Most of what’s circulating now are the XBB lineages, which the updated boosters were tailored to target.

“I think we’re at a point with COVID where we’re in some of a balance,” Miller said. There will be diversifications from year to year, he said. I know it feels like an eternity, but in reality, COVID has only been around for 4 years. It is not yet known what the average point will be.

For COVID, the high-risk groups haven’t changed. The elderly and those with underlying physical conditions are at higher risk for serious infections.

“There are some pieces of good news, though,” Miller said.
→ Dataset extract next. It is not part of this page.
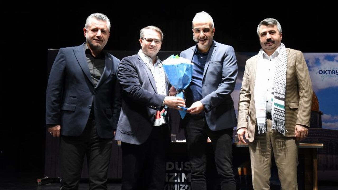 Söyleşinin ardından sahneye çıkan Yıldırım Belediye Başkanı Oktay Yılmaz, “Kudüs, insanlığın merkezi, bizim gönül coğrafyamızın incisidir. Müslümanların kutsal mabedidir. 75 yıldır İsrail zulmü karşısında sadece ve sadece yüreklerindeki imanın gücüyle mücadele eden, insanlığın ve Müslümanların haysiyetini koruma görevini üstlenen Filistinli kardeşlerime şükranlarımı sunuyorum. İnançlarını ve vatanlarını savunurken şehit düşen kardeşlerimize Rabbimden rahmet diliyor ve bu mücadelede yaralanan gazilerimize acil şifalar diliyorum. Terörle mücadele operasyonlarının devam ettiği bölgelerden ne yazık ki acı haberler aldık. Vatanımızın bölünmez bütünlüğü, milletimizin huzuru ve güvenliği için gözünü kırpmadan şehitlik mertebesine yürüyen tüm kahramanlarımızı rahmet ve minnetle anıyorum. Bekir Develi’ye bu samimi sohbeti ve anlattıkları için bir kez daha teşekkür ediyoruz. En kısa zamanda Özgür Aksa’da buluşmak duasıyla” diye konuştu.

This year’s flu vaccines appear a good match for viruses expected to circulate this winter. “If people get vaccinated now, they’ll generate immunity over the next two weeks” when cases are expected to begin rising, he said.

In August, Health Canada approved an RSV vaccine for adults aged 60 and older. However, the shots, which cost about $230 per dose, are not publicly covered in all provinces, even though RSV is one of the “important and underappreciated fitness burdens among older people,” Miller said. .

Human behavior can shape seasonal viruses, said Hankins, a professor at McGill University’s School of Population and Global Health.

“How many more people get a flu shot?Get your COVID booster?

Governments offer the RSV vaccine for free to people 60 and older, he said.

He visited a Christmas market twice this weekend. “I saw another user wearing a mask. They are tents where the air is humid and there are a lot of people. “

“We’re not going back to the old lockdown mentality,” Hankins said. “We have to go back to figuring out what is your risk tolerance, and how much risk are you prepared to take for yourself and the people around you.”